Train R^2: 0.9340769916055198
Test R^2: 0.931257287398192


Another use of group selection is using b-splines.

In [27]:
X_r = X[bs_vars]

In [28]:
bspline_transforms = get_bspline_transforms_for_dataset(X_r, df=3, degree=2)
X_r = apply_transforms(X_r, bspline_transforms)
train = apply_transforms(train, bspline_transforms)
test = apply_transforms(test, bspline_transforms)

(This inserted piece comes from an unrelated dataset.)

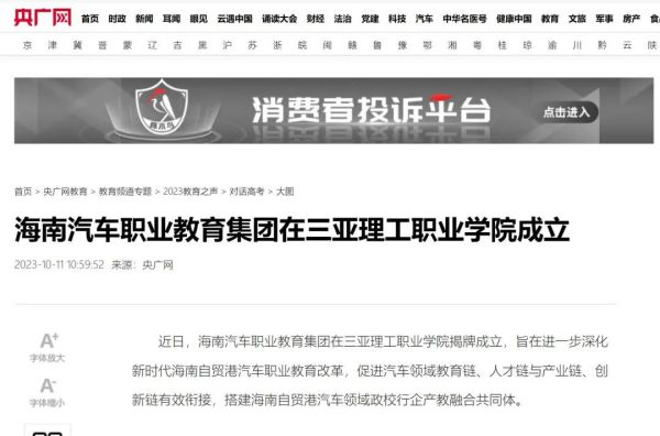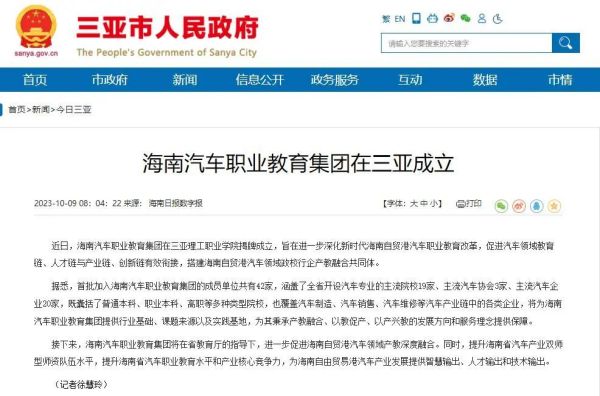 2023年9月27日,海南汽車職業(yè)教育集團(tuán)在三亞理工職業(yè)學(xué)院揭牌成立,旨在進(jìn)一步深化新時(shí)代海南自貿(mào)港汽車職業(yè)教育改革,促進(jìn)汽車領(lǐng)域教育鏈、人才鏈與產(chǎn)業(yè)鏈、創(chuàng)新鏈有效銜接,搭建海南自貿(mào)港汽車領(lǐng)域政校行企產(chǎn)教融合共同體。

group_matrix = get_group_matrix(X_r, get_group_dict(bspline_transforms))

In [29]:
t = backward_selection(X_r, y, group_matrix=group_matrix)
bs_vars_w_spline = t[0]

In [30]:
model = sm.OLS(train['invest_ihs'], train[bs_vars_w_spline]).fit()
print('Train R^2: {}'.format(r2_score(train['invest_ihs'],model.predict(train[bs_vars_w_spline]))))
print('Test R^2: {}'.format(r2_score(test['invest_ihs'],model.predict(test[bs_vars_w_spline]))))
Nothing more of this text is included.